Gilbert syndrome is a phenotypic effect often caused by homozygous UGT1A1*28 status (51). It is characterized by mild jaundice due to increased unconjugated bilirubin levels. The role of routine testing for the presence of germline isoforms of UGT1A remains unsettled. At relatively high irinotecan dose levels (>250 mg/m²), patients who are homozygous for the UGT1A1*28 variant experience a greater risk of clinically important neutropenia. However, at the lower doses of irinotecan (100–125 mg/m²), most commonly used in clinical practice, the negative impact of UGT1A1*28 is far more modest and of questionable clinical relevance. It is thus reasonable, but not absolutely mandatory, to determine the UGT1A genetic background to assist in toxicity management for patients scheduled to receive a high-dose irinotecan regimen, or one that combines irinotecan with oxaliplatin.

THIOPURINE TOXICITY

Thiopurine methyltransferase (TPMT) methylates thiopurines such as mercaptopurine, the antileukemic drug that is also the product of azathioprine metabolism. One in 300 individuals is homozygous deficient, 10% are heterozygotes, and about 90% are homozygous for the wild-type TPMT allele (52). Because methylation of mercaptopurine competes with activation of the drug to thioguanine nucleotides, the concentration of the active—but also toxic—thioguanine metabolites is inversely related to TPMT activity and directly related to the probability of pharmacologic effects. Patients with reduced or undetectable TPMT activity treated with standard doses of thiopurines are at risk of serious life-threatening adverse events, including myelosuppression, anemia, bleeding, leukopenia, and severe infection. Dose reductions from the “average” population dose may be required to avoid myelosuppression in 100% of homozygous-deficient patients, 35% of heterozygotes, and only 7% to 8% of those with homozygous wild-type activity (53). The rare homozygous-deficient patients can tolerate 10% or less of the mercaptopurine doses tolerated by the homozygous wild-type patients, with heterozygotes often requiring an intermediate dose. Mercaptopurine has a narrow therapeutic range, and dosing by trial and error can place patients at higher risk of toxicity; thus, prospective adjustment of thiopurine doses based on TPMT genotype has been suggested (54). Life-threatening toxicity has also been reported when thiopurines have been given to patients with nonmalignant conditions (such as Crohn disease, arthritis, or for prevention of solid organ transplant rejection).
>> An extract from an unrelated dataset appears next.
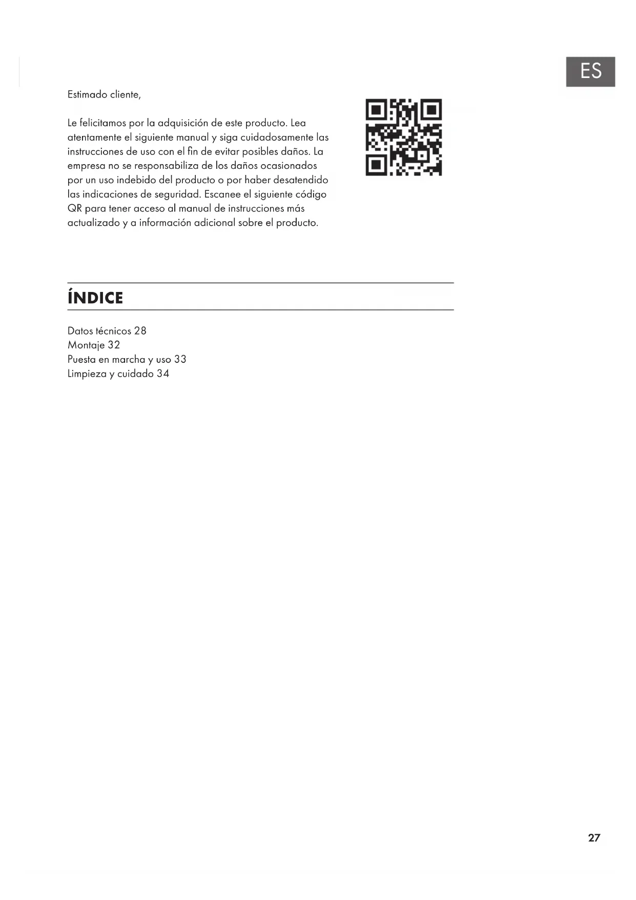 Le felicitamos por la adquisión de este producto. Lea atentamente el siguientes manual y siga cuidadosamente las instrucciones de uso con el fin de evaporar posibles daños. LaEmpresa no se responsabiliza de los daños occasionados por un uso indefinido del producto o por haber desatendido lasindicaciones de sécurité. Escanse elviouso#:QR para tener acceso almanual de instrucciones masactualizzato y a informacion adicular sobre el producto.

ONCOLOGY AS A SPECIAL CASE

Pharmacogenetics in oncology can have a direct severe impact on patient prognosis and treatment depending on whether an individual’s tumor has a specific gene mutation amenable to targeted therapy or not. A good example is non-small cell lung cancer. Approximately 10% of patients with NSCLC in the United States and 35% in East Asia have tumor-associated EGFR mutations (55). These mutations increase the kinase activity of EGFR, leading to hyperactivation of downstream prosurvival signaling pathways. There is a large amount of data supporting sensitivity to EGFR-TKI therapy in patients whose tumors harbor the common exon 19 deletions and L858R point mutations, which make up about 90% of all EGFR mutations (56). Several randomized clinical trials have shown that patients with EGFR mutation-positive tumors have significantly improved progression-free survival and objective response rates when treated with first-line EGFR tyrosine kinase inhibitors (EGFR-TKIs) compared with standard chemotherapy (57). Effective interpretation of EGFR mutation test results thus will help physicians to prescribe the most appropriate treatment for each patient.

SEPSIS

Specific therapies targeting the underlying inflammation causing the circulatory compromise seen in sepsis syndromes, including NSAIDs, tumor necrosis factor (TNF) receptor antagonists, and IL-1 receptor antagonists, have so far been largely unsuccessful in improving mortality (58–60). The failure of these interventions to improve sepsis outcomes may be, in large part, due to the use of anti-inflammatory therapy in a group of patients with very heterogeneous inflammatory responses. The immunologic variability seen in the sepsis syndrome stems not just from the inciting organism and the patient’s comorbidities, but from genetic and epigenetic variation (61). Because the underlying pathophysiology of sepsis is still thought to be driven by immune dysregulation, the heterogeneity of immune responses makes sepsis an ideal candidate for more personalized immunomodulation. Although several genetic and epigenetic profiles have been associated with poor outcomes, due to the acuity of sepsis management, application of these profiles has been limited by turnaround time of the tests (62). However, in recent years the results of these tests are now available within hours as opposed to days or weeks, as was previously the case.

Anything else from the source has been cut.